Part 2: Coding of Genomic Information
Genomic Records are classified into six Data Classes according to the result of the primary alignment(s) of their reads against one or more reference sequences as shown in Table 1. Records are classified according to the types of mismatches with respect to the reference sequences used for alignment.
File Format
To further improve compression efficiency, the information contained in the clustered Genomic Records is split across Descriptor Streams. The concept of splitting the information contained in the clustered Genomic Records into Descriptor Streams allows tailoring encoding parameters according to the statistical properties of each Descriptor Stream.
Compression modes for raw sequencing data
Raw sequencing data can be encoded according to two different approaches, depending on application at hand:
- High compression ratio and indexing
- Low latency
Compression modes for aligned reads
Genomic sequence reads mapped onto reference sequences can be compressed following two approaches:refere
- Reference-based compression
- Reference-free compression
Compression modes for quality values
Due to their higher entropy and larger alphabet, quality values have proven more difficult to compress than the reads [16, 11]. In addition, there is evidence that quality values are inherently noisy, and downstream applications that use them do so in varying heuristic manners.
Compression modes for read identifiers
Read identifiers are broken down into a series of tokens which can be of three main types: strings, digits and single characters. A read identifier is represented as a set of differences and matches with respect to one of the previously decoded Read Identifiers. This approach does not rely on any sequencing manufacturer implementation and only assumes that within the same sequencing
run the structure of read identifiers is mostly constant.
Compression modes for reference sequences
MPEG-G supports the use of reference sequences both in the FASTA format and in the MPEG-G compressed format. The reference sequences can also be embedded as Datasets within the same MPEG-G file. Optionally, external reference sequences (i.e., sequences that are not included in the bitstream) can be used. MPEG-G specifies how external reference sequences can be identified unambiguously using a URI, checksums, etc.
Entropy coding
Storing different types of data in separate Descriptor Streams allows for a significantly higher compression effectiveness. The different statistical properties of each descriptor can be exploited to define different source models to be used for entropy coding. The increased compression efficiency is generated by the adoption of the appropriate context adaptive probability models according to the statistical properties of each source model.
Decoding process
The MPEG-G specification not only defines the syntax and semantics of the compressed genome sequencing data, but also the deterministic decoding process.

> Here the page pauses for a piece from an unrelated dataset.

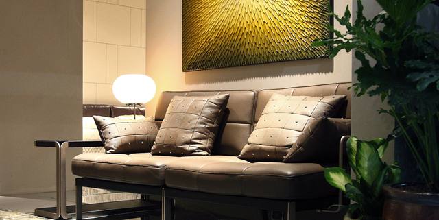沙發(fā)座墊靠墊可選用多款意大利真皮和布料,靠背為皮帶扣式設(shè)計(jì),可調(diào)節(jié)松緊;獨(dú)特的可連接設(shè)計(jì),使組合更靈活。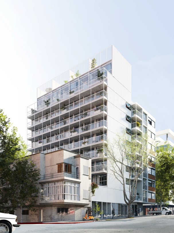 El edificio realiza un giro de 90 grados orientando su fachada principal hacia el Rio de la Plata sin desatender la continuidad con el entorno urbano inmediato. A través de un sistema circulatorio de pasarelas que ventilan a un patio interior se organizan 39 unidades.

The normative input of an MPEG-G decoding process is a concatenation of data structures called Data Units. Data Units can be of three types according to the type of conveyed data. A Data Unit of type 0 encapsulates the decoded representation of one or more reference sequences, a Data Unit of type 1 contains parameters used during the decoding process in a structure called Parameter Set, and a Data Unit of type 2 contains one Access Unit.